Although specific embodiments are illustrated and described herein, one of ordinary skill in the art will recognize that: the particular embodiments shown and described may be substituted for a wide variety of alternate and/or equivalent implementations without departing from the scope of the present invention. This application is intended to cover any adaptations or variations of the specific embodiments discussed herein. Accordingly, it is intended that this invention be limited only by the claims and the equivalents thereof.

Claims

1. A method for locating parts of objects from camera images of the objects, the method having:

defining the object type of the objects with parts to be positioned;

determining a reference for the relative orientation of the location to be found;

for the object type, training a machine learning model to map camera images onto descriptor images, wherein each camera image displays an object of the object type, wherein a descriptor image to which a camera image should be mapped has a descriptor of a part of the object at an image location for the part of the object displayed by the camera image at the image location;

for each part to be positioned, a descriptor at the part to be positioned of the object is defined as a reference descriptor of the part to be positioned;

receiving camera images of one or more objects of the object type;

mapping the camera image onto a descriptor image by means of a trained machine learning model;

for each reference descriptor, determining a match between the descriptor of the descriptor image and the reference descriptor;

matches for different reference descriptors are grouped into groups by: starting from groups each consisting of one match, by

2. A method according to claim 1, wherein the relative orientation of the part to be found is the orientation of the part to be found in three-dimensional space.

3. The method of claim 1, wherein the relative orientation has a pair-wise distance in three-dimensional space of the location to be located or the location to be located.

4. A method according to any one of claims 1 to 3, having: after each merging of the two groups, the group containing the match contained in one of the two groups of the pair is removed.

5. A method according to any one of claims 1 to 3, having: after each merging of two groups, if the combined group into which the two groups are merged contains a match for each reference descriptor, the group containing the match contained in one of the two groups of the pair is removed.

6. A method according to any one of claims 1 to 5, wherein the output has: the following steps are repeatedly performed until no more groups remain or the remaining groups have reached the specified minimum group size:

7. The method according to any one of claims 1 to 6, having: the groups are organized in a graph, wherein each group is assigned to a node, edges are placed between nodes of groups assigned matches with different portions of the reference descriptors, wherein the weight of an edge between two groups accounts for the degree to which a relative bearing from a match common to both groups matches a reference to that relative bearing.

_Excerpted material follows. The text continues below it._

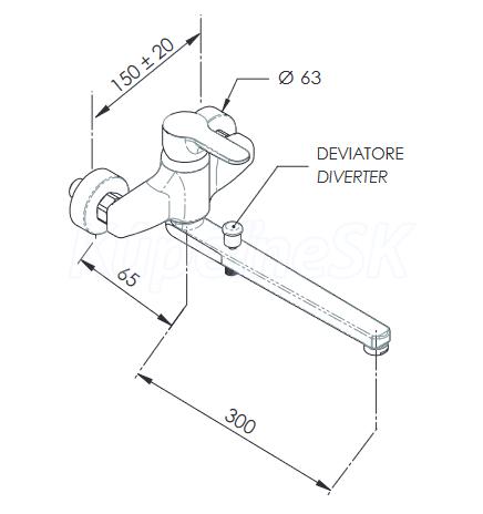 • Umývadlová/vaňová batéria nástenná s prepínačom

8. A method for controlling a robot, the method having the steps of:

locating a part of an object to be processed by the robot according to any one of claims 1 to 7;

and/or

Determining an area of the object from the located parts and controlling the robot according to the determined area.

9. A software or hardware agent, in particular a robot, having the following components:

a camera set up to provide a camera image of an object;

control device, which is set up for carrying out the method according to one of claims 1 to 8.

10. Software or hardware agent according to claim 9, having at least one actuator, wherein the control device is set up for controlling the at least one actuator using the localized area.

11. A computer program comprising instructions that when executed by a processor cause: the processor performs the method of any one of claims 1 to 8.

12. A computer-readable medium storing instructions that when executed by a processor cause: the processor performs the method of any one of claims 1 to 8.